WIP — Data and labels are in active iteration

About

This page describes the dataset and explains, in plain language, how we turn annual-report text into the dashboard metrics.

Dataset

The AI Risk Observatory dataset includes a metadata.csv file that details the mapping between company, year, report, excerpt, and other metadata. It also provides a list of excerpts, each annotated with labels assigned by classifiers. Every excerpt is labeled with mention type, adoption maturity, risk taxonomy, vendor references, signal strength, and substantiveness scores. Additionally, LLM classifier reasoning is provided for easier quality assurance analysis.

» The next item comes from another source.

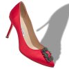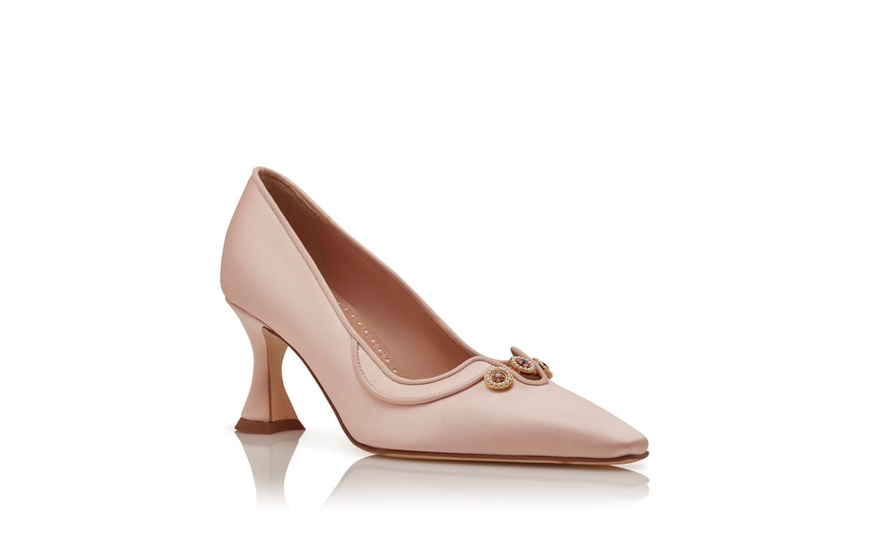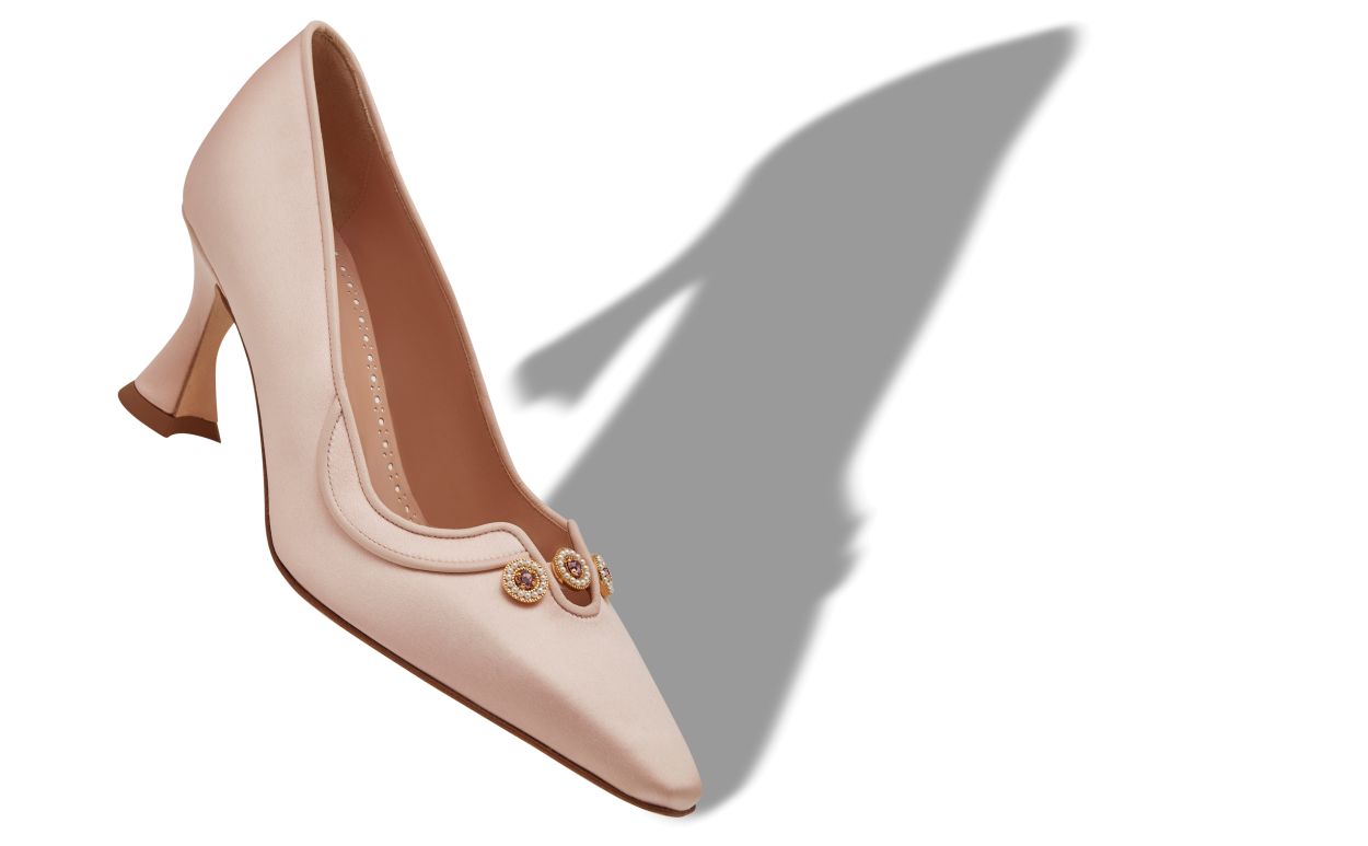 Light pink satin pointed toe pumps featuring jewel embellished design details and flared mid heel.Upper: 72% viscose, 28% silk. Sole: 100% calf leather. Lining: 100% kid leather. Heel measures 70 mm. Italian sizing. Made in Italy.

The full dataset, processing pipeline, and documentation are available on GitHub.

View on GitHub

Method Summary

This dashboard currently uses 150 company-year reports (2022-2024), covering 50 companies and 16 sectors. The pipeline extracted 1538 AI-related text chunks from 45 companies, then classified those chunks into structured labels.

The method is intentionally staged: find potential AI text first, then classify what that text is about, then aggregate labels to report-level trends.

Company-Year Reports

150

Extracted Chunks

1538

Reports With AI Signal

109

Reports With AI Risk Signal

87

Methodology in a Nutshell

The pipeline has three stages: pre-processing, processing, and post-processing. The diagram below shows the end-to-end flow.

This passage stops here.